◆ **AVAILABLE DATA**
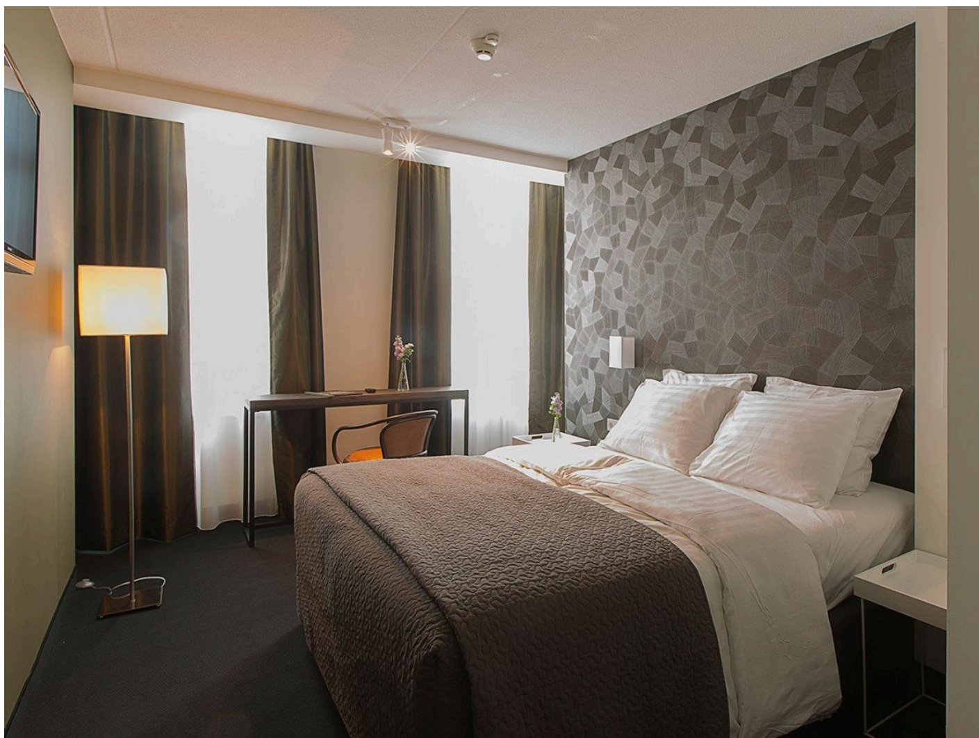
Hotel Mauritz *** (Willemstad)
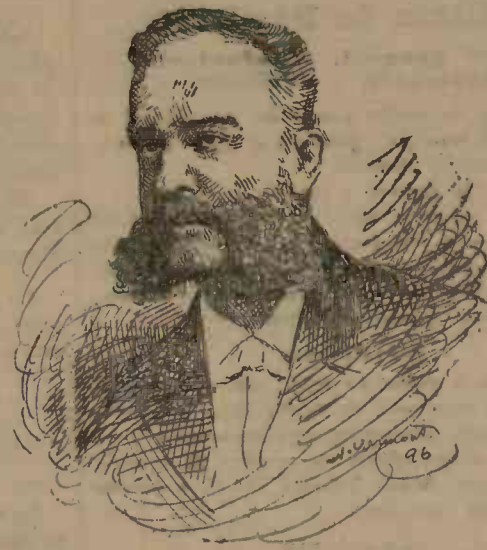
Contele Goluchowski Ministrul afacerilor streine
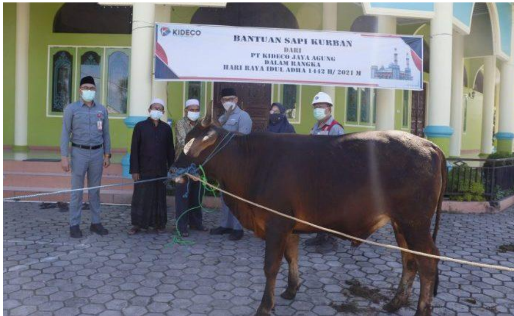
Gambar 4.6 PT. KIDECO JAYA AGUNG membagikan hewan kurban berupa sapi dalam rangka menyambut Hari raya Kurban 1442 H/2021 M

19 Juli 2021 PT. KIDECO JAYA AGUNG membagikan hewan kurban berupa sapi dalam rangka menyambut Hari raya Kurban 1442 H/2021 M, yang mana penyerahan hewan kurban tersebut sebagai rasa syukur juga sebagai bentuk kepedulian pihak perusahaan terhadap masyarakat yang berada di sekitar pertambangan. Melalui Program Pengembangan & Pemberdayaan Masyarakat (PPM) bidang Keagamaan Kideco membagikan 140 ekor sapi di 135 titik lokasi tersebar di 8 kecamatan, yang meliputi Masjid/Musholla, Pondok Pesantren, serta lembaga komunitas sosial lainnya. Saat itu, pendistribusian hewan kurban telah dilaksanakan oleh tim ER- Sustainability KIDECO sejak 10 – 19 Juli 2021, hal ini untuk memberikan kemudahan kepada para panitia/petugas kurban di lokasi masing-masing dalam hal pendistribusian daging kurban langsung kepada penerimanya.
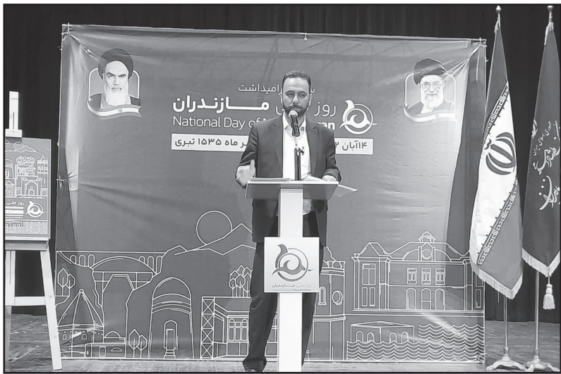
مدیرکل فرهنگ و ارشاد اسلامی مازندران:
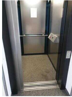
Haupthaus: Aufzug EG – OG
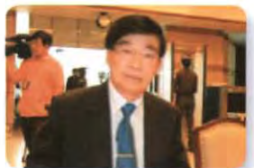
พล.อ. อุดุลยเดช อินทะพงษ์ ลำดับที่ ๑๘๓
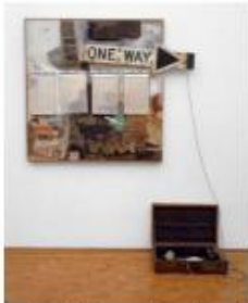
Robert Rauschenberg , Black Market , 1961
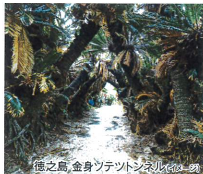
徳之島 金身ツテツトンネル(イメージ)
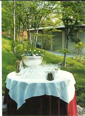
▲お茶室・庭園ワインパーティー
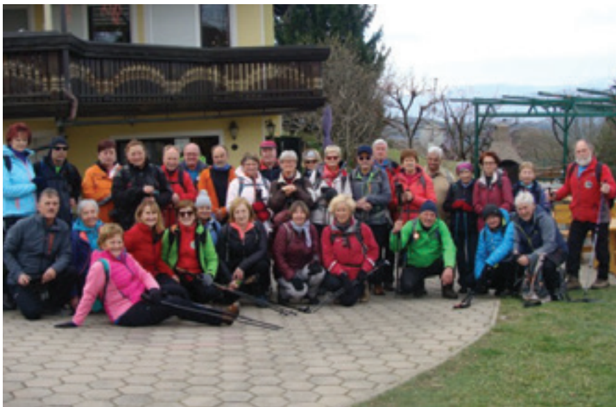
Pohodniki iz Mislinje na obisku v Andražu nad Polzelo

Planinsko društvo Mislinja v sodelovanju z Društvom upokojencev Mislinja že vrsto let organizira manj zahtevne pohode na planinska in gorska območja Slovenije. Vsak prvi torek v mesecu imamo načrtovan skupinski pohod, vsakič se ga udeleži lepo število pohodnikov. Letošnji torek v aprilu smo tokrat v skupini 28 pohodnikov namenili pohodu dela poti »Po poteh Andraža« z vzponom na Goro Oljko (734 metrov).
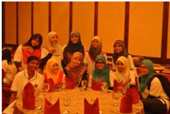
Bersama komuniti 'Accounting Student Conference.'
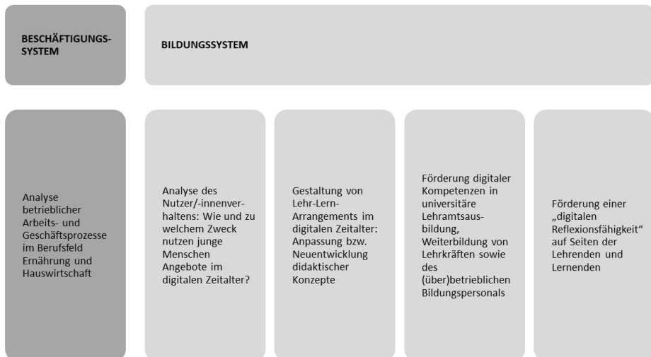
Abb. 2: Handlungsbedarf aus Sicht der Hauswirtschaft
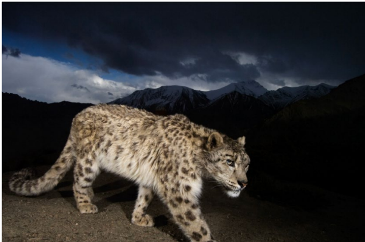
Parque Nacional de Hemis, Ladakh, India.

El fotógrafo Steve Winter necesitó 13 meses, mucha pericia y algo de suerte para lograr immortalizar al esquivo leopardo de las nieves gracias al uso de cámaras trampa. Una foto de esta serie ganó en 2008 el primer premio del prestigioso certamen Wildlife Photographer of the Year .
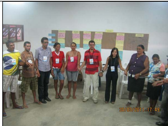
Foto 08: Encerramento da capacitação – Módulo VII, na VPR Pilões.
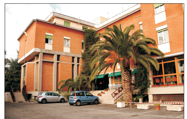
A Szent István Ház Rómában
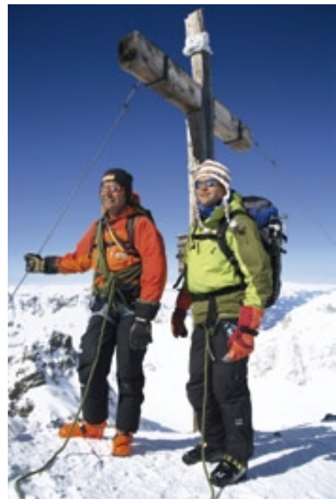
Staunen über die Aussicht am Gipfelkreuz des Piz Buin.
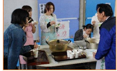
P.T.A.の皆さんが、学校農園で採れたサツマイモをみそ汁に!
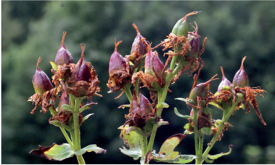
Fruits de Millepertuis perforé ( Hypericum perforatum )
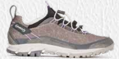
LIBRA PLUS W'S
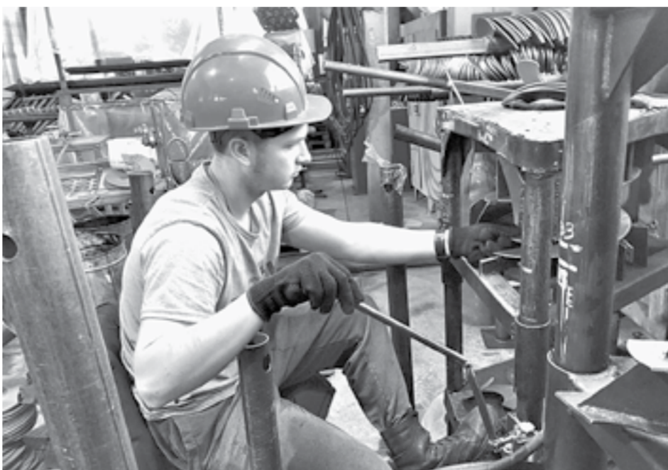
Штат сотрудников будет расширяться.

Так в 2016 году начинающий предприниматель открыл завод по изготовлению
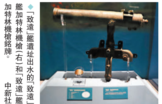
◆「致遠」艦遺址出水的「致遠」艦加特林機槍。
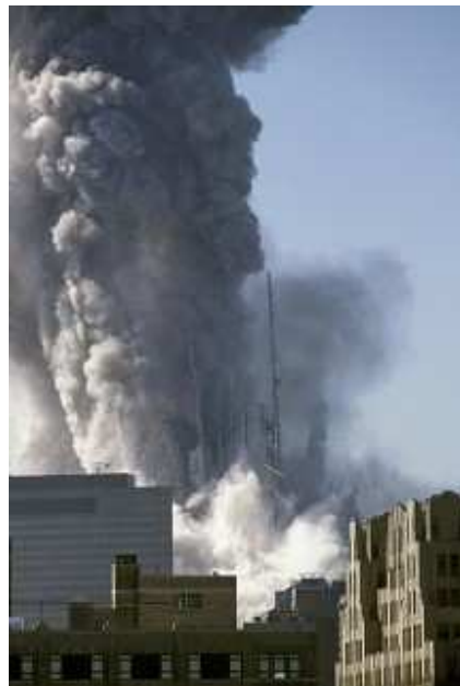
Riesige Rauchwolken entstehen...
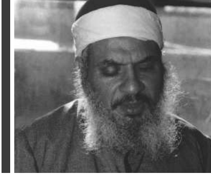
الشيخ عمر عبد الرحمن

يبدو أن الجماعة في السجن خططت للمستقبل من خلال توجيه الأفراد الذين تم الإفراج عنهم على دفعات على النحو التالي: من حُكم عليه بالسجن بثلاث سنوات وخرج في سنة ١٩٨٤ كُلف بنشر فكر الجماعة الذي كُتب في السجن، والأفراد الذين حُكم عليهم بخمس سنوات كُلفوا ببناء هيكل تنظيمي للجماعة، والأفراد الذين
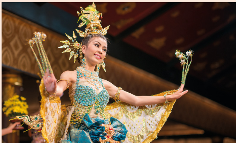
Danse thaïlandaise traditionnelle.
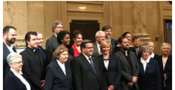
Photographie prise lors de l'annonce de l'acquisition
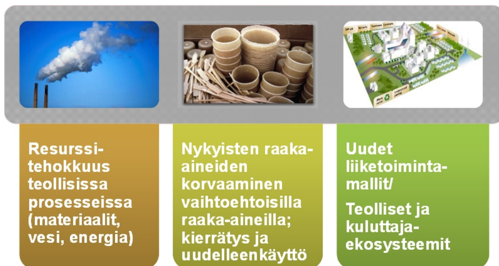
Kuva 3. Kolme strategiaa kestävään talouteen. (Teknologian tutkimuskeskus 2015)

Sitra on tuonut esille, että maailmalla käytetään luonnonvaroja 1,5-kertaisesti varoihimme nähden. Suomessa ekologinen jalanjälki on suurimpia, vaikka asia saattaa tuntua oudolta suuriin kaupunkeihin nähden. Suomi on väkiluvultaan pieni maa ja ajatus tästä voi tuntua oudolta, kun ajatellaan metsävarojemme ja tiukkojen päästörajoitustemme määrää.
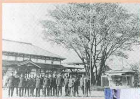
▲立川駅北口(本校がある) 明治40年頃
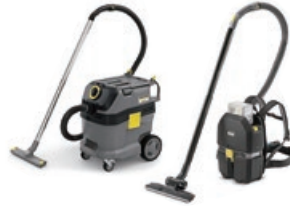
パキュームクリーナー
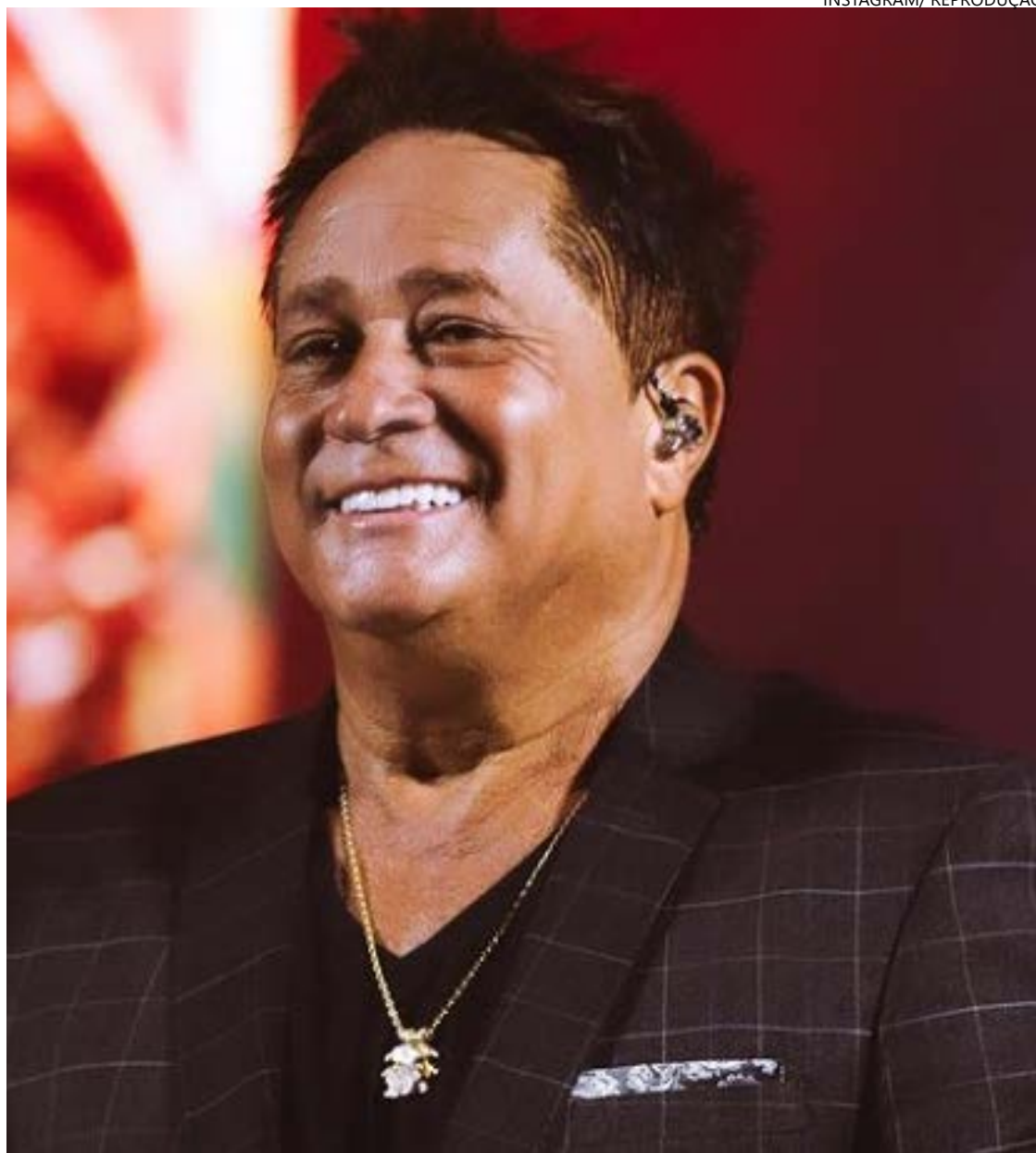
MP afirma que valor se mostra superior ao que é pago por outros municípios ao artista

“O referido valor se mostra superior aos que são pa-

◆ **WHAT IS NEEDED**
Your answer should consist of the lines above between those holding "Staunen über die" and "الشيخ عمر عبد الرحمن", inclusive, reproduced word for word and without pictures.

◆ **ANSWER TO THE EXERCISE**
Staunen über die Aussicht am Gipfelkreuz des Piz Buin.
P.T.A.の皆さんが、学校農園で採れたサツマイモをみそ汁に!
Fruits de Millepertuis perforé ( Hypericum perforatum )
LIBRA PLUS W'S
Штат сотрудников будет расширяться.

Так в 2016 году начинающий предприниматель открыл завод по изготовлению
◆「致遠」艦遺址出水的「致遠」艦加特林機槍。
Riesige Rauchwolken entstehen...
الشيخ عمر عبد الرحمن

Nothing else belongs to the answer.